This medication is an immunizing agent, used to prevent rabies. The vaccine activates the body to produce antibodies against the rabies virus.
The rabies vaccine is used in patients at risk of rabies either before (pre-exposure prophylaxis) or after (post-exposure prophylaxis) bites, scratches or licks on broken skin by an animal likely to be suffering from rabies.
Contraindicated in patients with febrile illness (fever) and hypersensitivity.
Adult: IM- Pre-exposure vaccination: Primary course consists of 3 doses; 1 ml on days 0, 7 and 21 or 28. Booster dose: 1 ml based on antibody titers.
Post-exposure vaccination: Vaccinate as soon as possible after exposure and may be stopped if it is shown that the patient was not at risk.
Patients who did not receive proper primary immunization: 5 doses of 1 ml each on days 0, 3, 7, 14 and 28 (patients should also receive rabies 1g with the 1st dose); patients who have received primary immunization: 2 doses of 1 ml on days 0 and 3.

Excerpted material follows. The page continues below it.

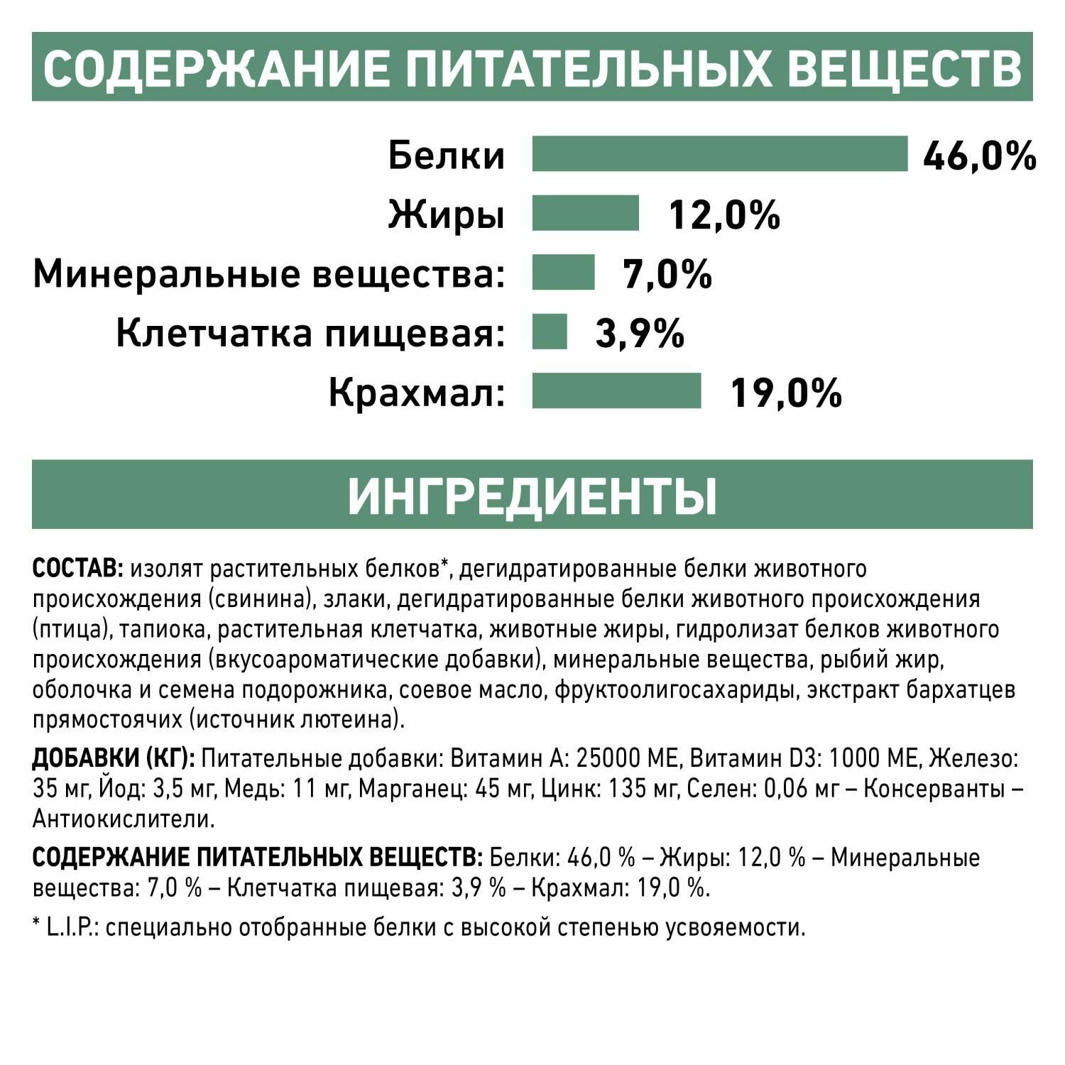 | Состав | дегидратированные белки животного происхождения (птица), ячмень, пшеничная клейковина, кукурузная клейковина, тапиока, изолят белка сои, животные жиры, гидролизат белков животного происхождения, растительная клетчатка, экстракт цикория, рыбий жир, оболочка и семена подорожника, минеральные вещества, фруктоолигосахариды, соевое масло, экстракт бархатцев прямостоячих |

• It comes as a solution for injection to be administered by a healthcare provider.
• The injection should be administered in the arm in adults and the outer thigh in children, but not into the buttocks.
• Caution should be exercised in patients with history of allergy, poor immune system and bleeding disorder.
• Inform your doctor about your previous rabies vaccination, if any.
• Patient may develop with the following symptoms after booster dose: joint pain, nausea, malaise, severe allergic reactions, fever and vomiting; if it so consult with your doctor.
• The wound site should be washed with soap and running water as early as possible.
• The entire course should be completed even if the individual suffers from mild adverse effects.
• General: Nausea, tiredness, generalized aches, headaches, fever, allergic reactions that can be severe
• Skin: Pain, redness, swelling, itching and /or soreness at the site of injection, skin rash
• Heart: Hot flashes, palpitations
• Nervous system: Dizziness, inflammation of the brain, meninges (the covering of the brain), spinal cord or peripheral nerves, paralysis, Guillain-Barre syndrome, multiple sclerosis, vertigo, problems with vision, The nervous system related side effects are less common with the newer rabies vaccines.
• It may make you drowsy or dizzy, do not drive a car or operate machinery.
• Steroids, cancer chemotherapy or immunosuppressive drugs may reduce the development of immunity with the vaccination, thereby reducing its effectiveness.
• Chloroquine may reduce the effectiveness of the vaccine when the vaccine is administered intradermally.
• Store it at refrigerator (2°C to 8°C) and protected from light.